* _YOUR OBJECTIVE_
Once the line containing "Volantový vysílač pracuje" is found in the data below, repeat it and every later line exactly, leaving the pictures out.

* _DATA BLOCK_
=== Begin Enclosure ===

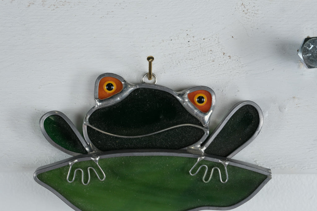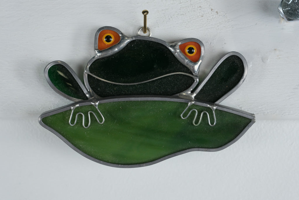 Add a splash of color and whimsy to your window with this vintage stained glass frog sun catcher. Handcrafted in classic Tiffany-style stained glass, this charming frog features vivid green glass with bright orange eyes and silver-tone soldered outlines. The playful design shows the frog peeking over a lily pad — a delightful touch for any sunlit window, garden room, or nature-inspired decor.
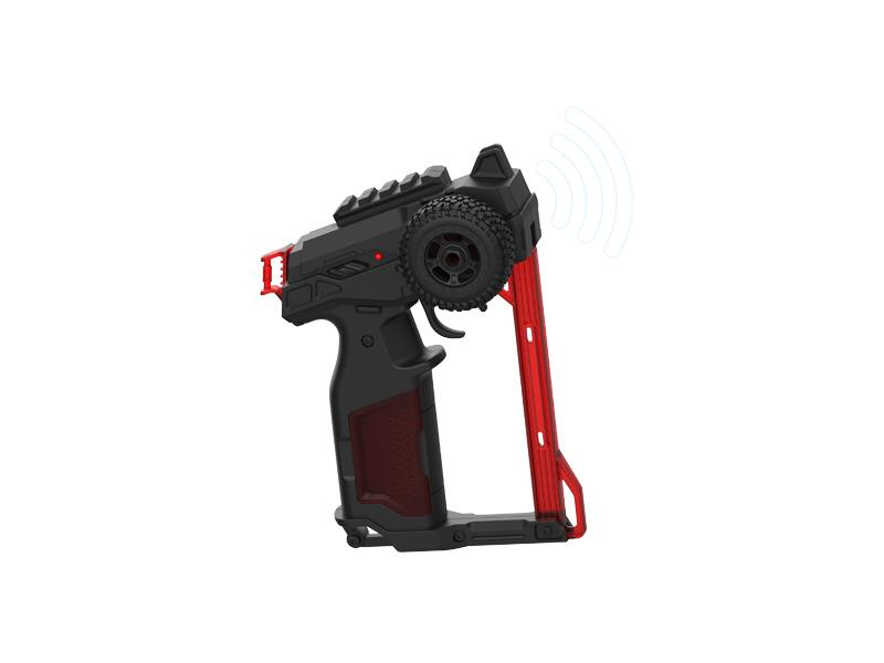 Volantový vysílač pracuje na frekvenci 2,4GHz. Díky tomu nedochází k žádnému rušení. Má integrovanou anténu, která se už nikdy neulomí. Neutrální polohu kol lze nastavit trimem ve spodní části auta.
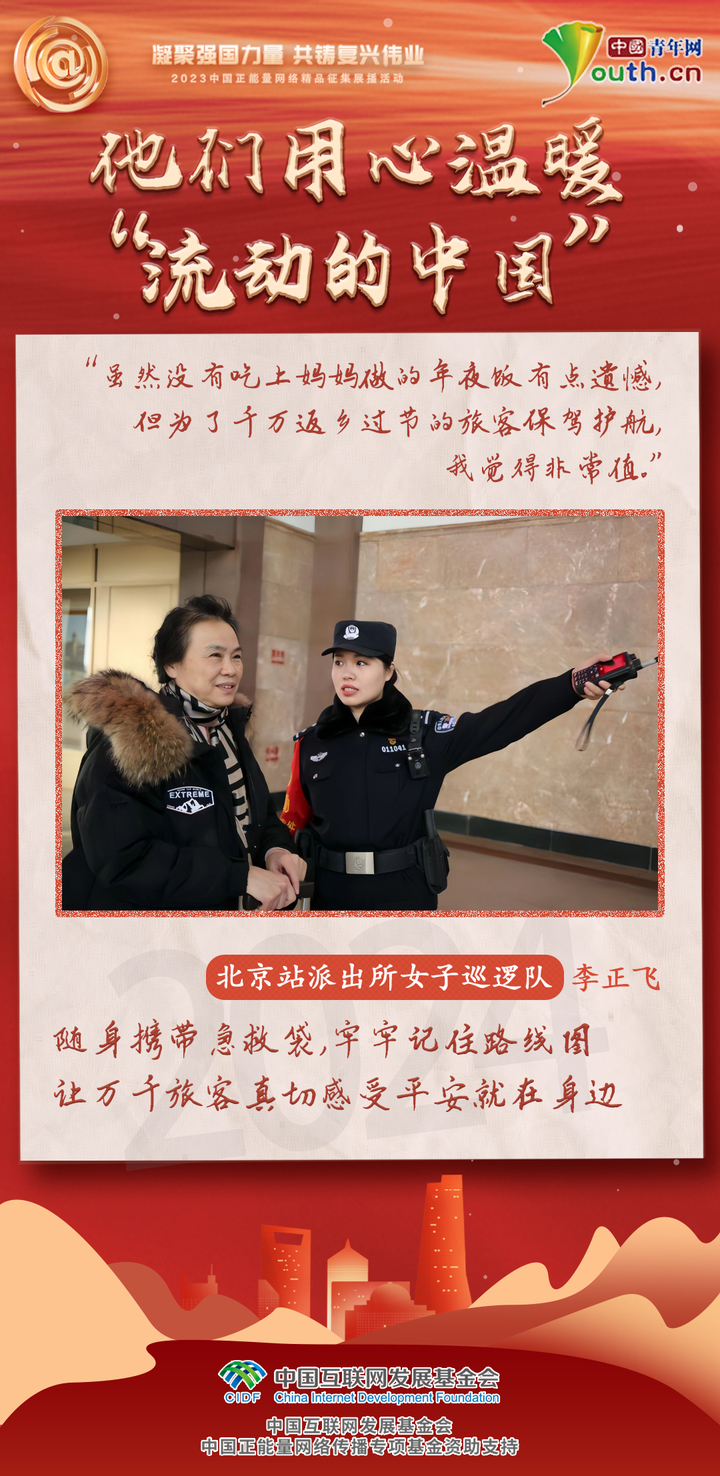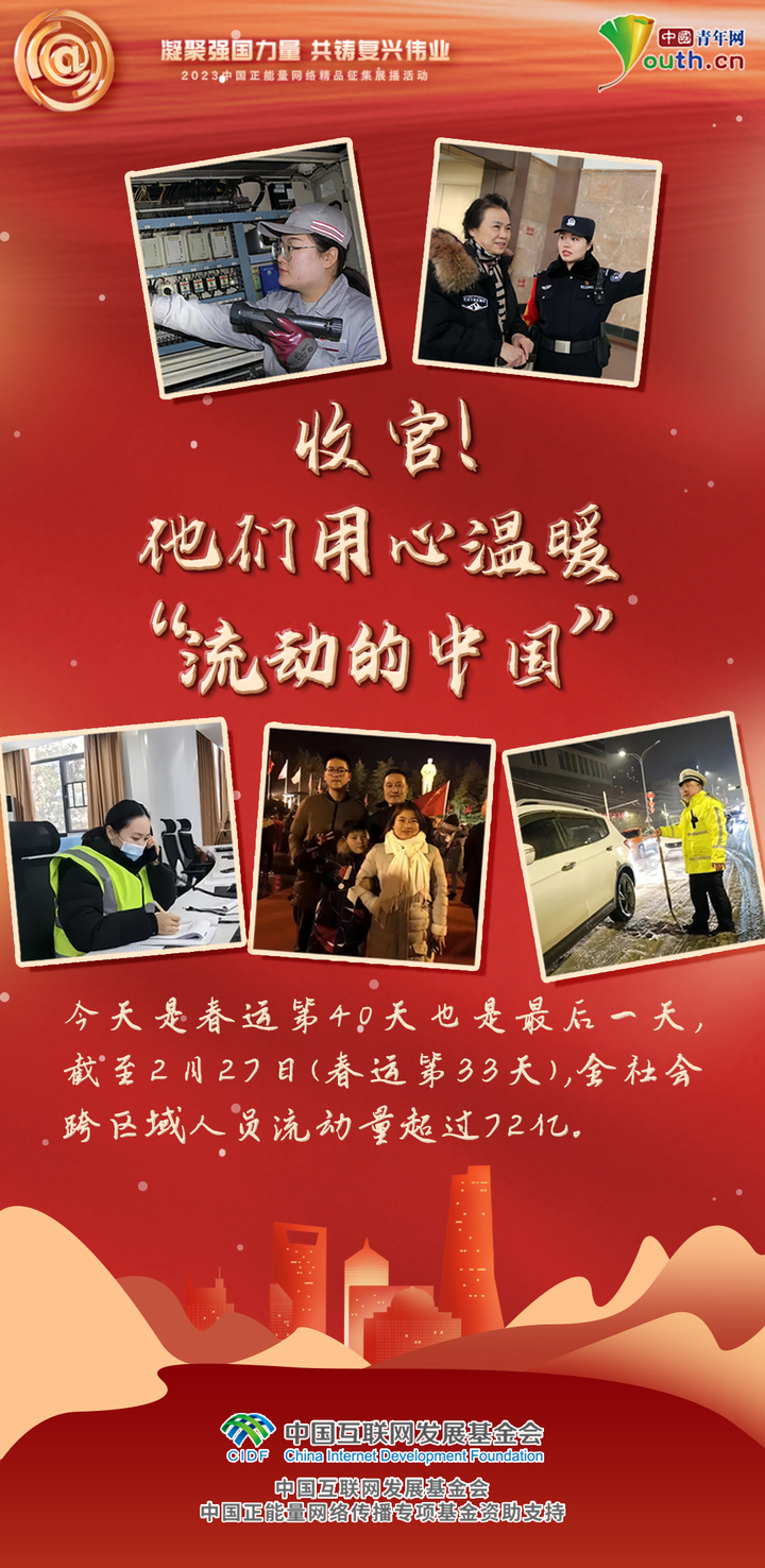 凝聚强国力量,共铸复兴伟业。今天,是2024春运的最后一天。40天的旅程里感动无处不在。有人坚守一线,用一声您好、一次搀扶诠释使命担当。有人雪中送炭,用一杯热水、一抹微笑温暖漫长旅途。微光汇聚正能量,春运路上,感谢有你们。(记者 刘尚君 见习记者 冯云慧 实习生 韩旭阳)

=== End Enclosure ===

* _EXERCISE RESULT_
 Volantový vysílač pracuje na frekvenci 2,4GHz. Díky tomu nedochází k žádnému rušení. Má integrovanou anténu, která se už nikdy neulomí. Neutrální polohu kol lze nastavit trimem ve spodní části auta.
 凝聚强国力量,共铸复兴伟业。今天,是2024春运的最后一天。40天的旅程里感动无处不在。有人坚守一线,用一声您好、一次搀扶诠释使命担当。有人雪中送炭,用一杯热水、一抹微笑温暖漫长旅途。微光汇聚正能量,春运路上,感谢有你们。(记者 刘尚君 见习记者 冯云慧 实习生 韩旭阳)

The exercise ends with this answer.